Chuck Schumer was asked by Brian Beutler whether the debt limit is Constitutional, and he acknowledged that it might not be. But he quickly followed up by saying that it “needs a little more exploration and study,” and that “It’s probably not right to pursue at this point and you wouldn’t want to go ahead and issue the debt and then have the courts reverse it.”

I think it’s clear that the White House – and probably the Democratic leadership in Congress – would rather go the route of a deal than to pull the pin on this Constitutional option. In fact, the President affirmatively wants a deal which provides a lot of deficit reduction, to take the issue “off the table” in the elections. I think that has been made plain. But the question is really not a choice between the Constitutional option and a deal, it’s between the Constitutional option and no deal. If Republicans are so adamantly opposed to any increase in revenues, and Democrats cannot find the votes for all-cuts austerity, including entitlements, at that point you’re at an impasse. And we know the consequences of that impasse, they are dire. So at THAT point, what does the White House do? We know they have a copy of the Constitution; Tim Geithner even helpfully bookmarked the relevant page. There’s an alternative available.

And while Schumer may be right that “you wouldn’t want to go ahead and issue the debt and then have the courts reverse it,” the question becomes who, exactly, would have standing to go to the courts and make that case? Perhaps nobody:

Part of the reason for Zasloff’s difficulty in identifying an appropriate plaintiff is that members of Congress have tried before to sue the president for diminishing their legislative and appropriating power and have typically failed. In 1997, for instance, a small group of congressmen sued Office of Management and Budget director Franklin Raines, arguing that the 1996 Line Item Veto Act diluted their voting power as members of Congress. But seven justices of the Supreme Court disagreed, and did so largely by drawing from an earlier opinion written by Justice Antonin Scalia that denied environmental groups standing to challenge the government’s interpretation of the Endangered Species Act. In the majority opinion, then-Chief Justice William Rehnquist wrote that because the congressmen had not shown that their injury was “particularized,” and that the action of the President had not affected the congressmen in a “personal and individual way,” they did not have standing to sue.

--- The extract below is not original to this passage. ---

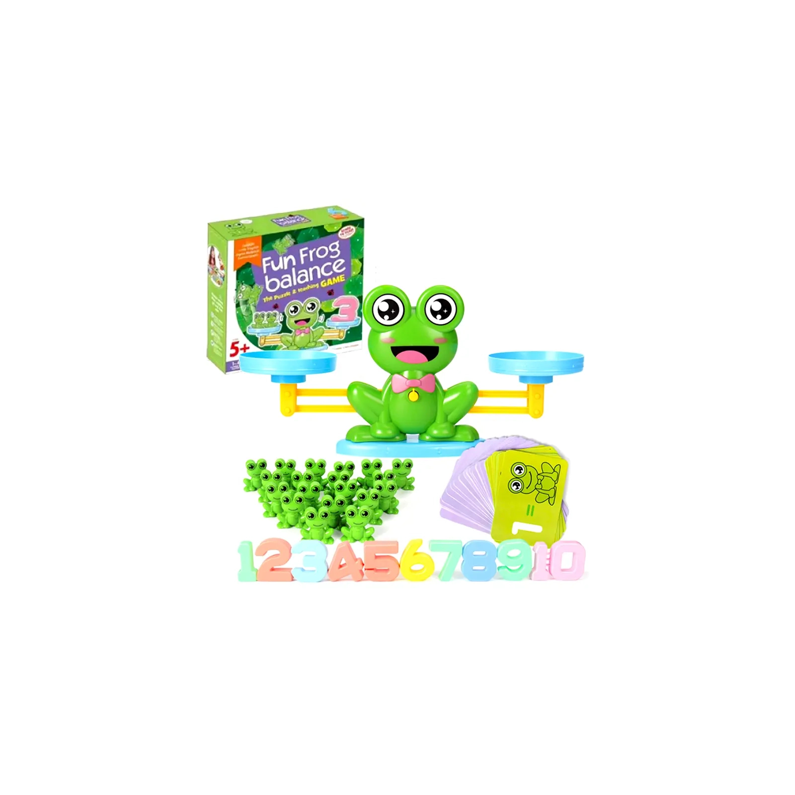 Навчальна настільна гра для дітей допоможе Вашому малюку з легкістю та в ігровій формі вивчити числа, цифри та рахунок. Гра є математичні ваги у формі жаби. У кожної цифри своя вага, яка дорівнює вазі відповідної кількості фігурок жаблять. Для навчальних завдань у наборі є картки з прикладами та цифрами.

In the case of members of Congress suing the current administration over the debt ceiling, the issue of standing would likely fall the same way. Louis Fisher, an expert on the separation of powers who worked at the Congressional Research Service for over twenty five years, wrote in an email that “case law is quite clear that a member of Congress, even if joined by a dozen or two colleagues, cannot get standing in court to contest a constitutional issue.” A joint resolution from Congress could try to get an injunction from the D.C. District Court to stop the Treasury from issuing new debt, but that could be easily vetoed by Democrats in the Senate.

What Schumer says, that the issue hasn’t been explored enough to deploy this time, perhaps makes sense on some level, in the normal course of events, when a deal is on the horizon. When there’s no deal in sight and the clock is ticking to a default event that Harry Reid believes would create a worldwide depression, I think the niceties of whether or not constitutional scholars have chewed over it enough go out the window.